» **SUPPLIED MATERIAL**
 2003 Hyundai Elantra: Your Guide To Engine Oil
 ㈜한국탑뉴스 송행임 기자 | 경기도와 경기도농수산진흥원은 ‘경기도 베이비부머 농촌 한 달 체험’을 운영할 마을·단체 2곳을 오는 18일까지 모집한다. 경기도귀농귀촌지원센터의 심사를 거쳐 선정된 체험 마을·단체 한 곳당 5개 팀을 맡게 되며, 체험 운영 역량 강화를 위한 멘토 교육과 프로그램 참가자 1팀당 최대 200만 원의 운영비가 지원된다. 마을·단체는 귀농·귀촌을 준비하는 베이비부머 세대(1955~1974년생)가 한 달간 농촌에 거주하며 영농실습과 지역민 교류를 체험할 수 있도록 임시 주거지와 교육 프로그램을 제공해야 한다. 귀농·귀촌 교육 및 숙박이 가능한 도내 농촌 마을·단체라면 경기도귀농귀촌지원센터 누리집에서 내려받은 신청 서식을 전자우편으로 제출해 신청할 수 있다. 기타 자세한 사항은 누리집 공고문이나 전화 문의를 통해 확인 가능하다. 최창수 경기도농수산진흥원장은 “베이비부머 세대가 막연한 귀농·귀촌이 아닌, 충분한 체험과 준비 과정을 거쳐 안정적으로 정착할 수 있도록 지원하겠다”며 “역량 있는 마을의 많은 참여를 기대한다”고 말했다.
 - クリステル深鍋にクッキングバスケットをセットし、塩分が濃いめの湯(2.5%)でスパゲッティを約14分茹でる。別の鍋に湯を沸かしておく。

--

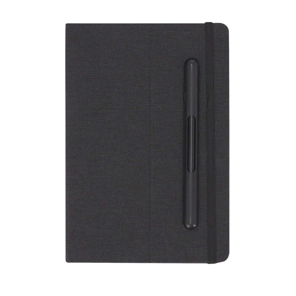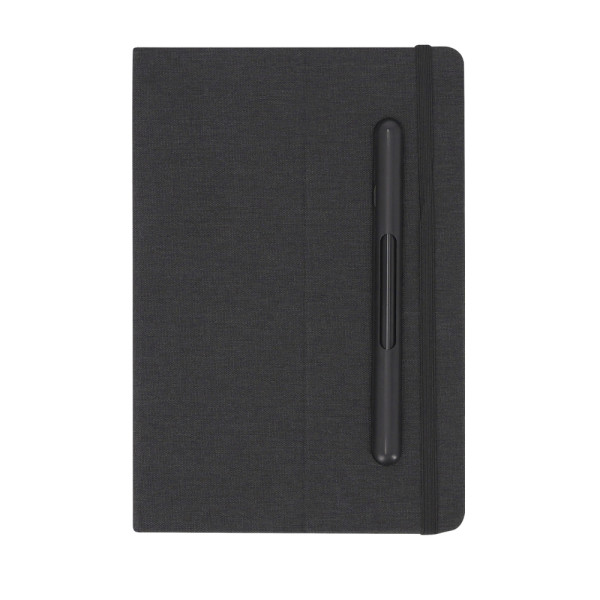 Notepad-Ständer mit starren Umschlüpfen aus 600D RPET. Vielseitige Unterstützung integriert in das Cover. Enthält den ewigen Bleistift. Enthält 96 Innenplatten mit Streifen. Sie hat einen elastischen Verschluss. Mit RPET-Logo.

---

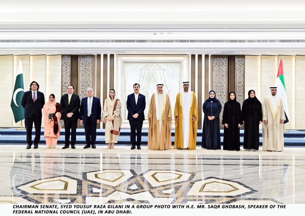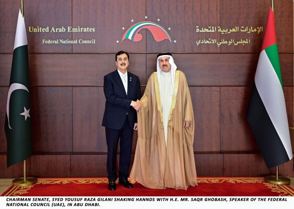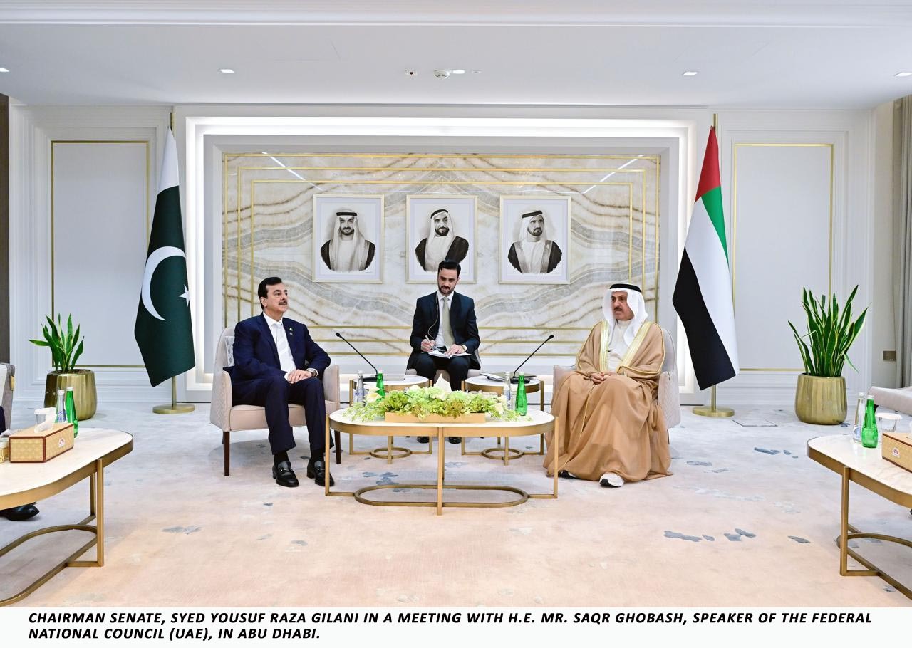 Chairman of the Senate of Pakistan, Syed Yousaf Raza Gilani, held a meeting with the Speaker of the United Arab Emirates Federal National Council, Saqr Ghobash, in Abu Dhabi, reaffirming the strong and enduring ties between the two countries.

» **ACTIVITY**
In the entries above, one line contains "2003 Hyundai Elantra: Your" and another contains "- クリステル深鍋にクッキン". Reproduce exactly those two lines and the lines between them, nothing else.

» **ANSWER BOX**
 2003 Hyundai Elantra: Your Guide To Engine Oil
 ㈜한국탑뉴스 송행임 기자 | 경기도와 경기도농수산진흥원은 ‘경기도 베이비부머 농촌 한 달 체험’을 운영할 마을·단체 2곳을 오는 18일까지 모집한다. 경기도귀농귀촌지원센터의 심사를 거쳐 선정된 체험 마을·단체 한 곳당 5개 팀을 맡게 되며, 체험 운영 역량 강화를 위한 멘토 교육과 프로그램 참가자 1팀당 최대 200만 원의 운영비가 지원된다. 마을·단체는 귀농·귀촌을 준비하는 베이비부머 세대(1955~1974년생)가 한 달간 농촌에 거주하며 영농실습과 지역민 교류를 체험할 수 있도록 임시 주거지와 교육 프로그램을 제공해야 한다. 귀농·귀촌 교육 및 숙박이 가능한 도내 농촌 마을·단체라면 경기도귀농귀촌지원센터 누리집에서 내려받은 신청 서식을 전자우편으로 제출해 신청할 수 있다. 기타 자세한 사항은 누리집 공고문이나 전화 문의를 통해 확인 가능하다. 최창수 경기도농수산진흥원장은 “베이비부머 세대가 막연한 귀농·귀촌이 아닌, 충분한 체험과 준비 과정을 거쳐 안정적으로 정착할 수 있도록 지원하겠다”며 “역량 있는 마을의 많은 참여를 기대한다”고 말했다.
 - クリステル深鍋にクッキングバスケットをセットし、塩分が濃いめの湯(2.5%)でスパゲッティを約14分茹でる。別の鍋に湯を沸かしておく。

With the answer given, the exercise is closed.